In traditional timber framing there may be a single set of joists which carry both a floor and ceiling called a single floor (single joist floor, single framed floor) or two sets of joists, one carrying the floor and another carrying the ceiling called a double floor (double framed floor). The term binding joist is sometimes used to describe beams at floor level running perpendicular to the ridge of a gable roof and joined to the intermediate posts. Joists which land on a binding joist are called bridging joists. A large beam in the ceiling of a room carrying joists is a summer beam. A ceiling joist may be installed flush with the bottom of the beam or sometimes below the beam. Joists left exposed and visible from below are called "naked flooring" or "articulated" (a modern U.S. term) and were typically planed smooth (wrought) and sometimes chamfered or beaded.

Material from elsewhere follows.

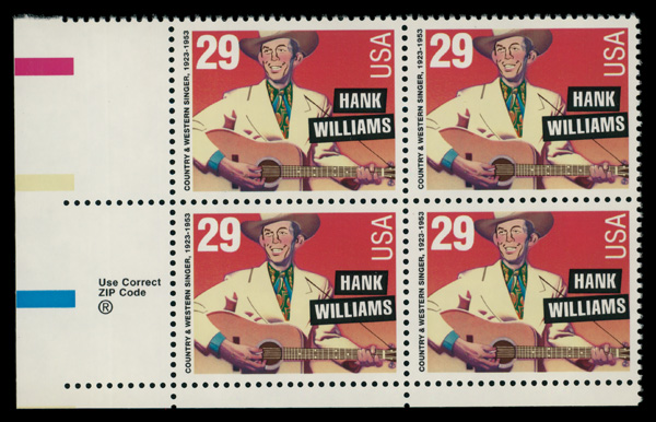 5349 nhbl 2723A image1993, 29¢ Hank Williams, perf 11.2 x 11.5 (Scott 2723A), zip block of 4, o.g., never hinged, Extremely Fine.

==Connections to supporting beams==
Joists may join to their supporting beams in many ways: joists resting on top of the supporting beams are said to be "lodged"; dropped in using a butt cog joint (a type of lap joint), half-dovetail butt cog, or a half-dovetail lap joint. Joists may also be tenoned in during the raising with a soffit tenon or a tusk tenon (possibly with a housing). Joists can also be joined by being slipped into mortises after the beams are in place such as a chase mortise (pulley mortise), L-mortise, or "short joist". Also, in some Dutch-American work, ground-level joists are placed on a foundation and then a sill placed on top of the joists such as what timber frame builder Jack Sobon called an "inverted sill" or with a "plank sill".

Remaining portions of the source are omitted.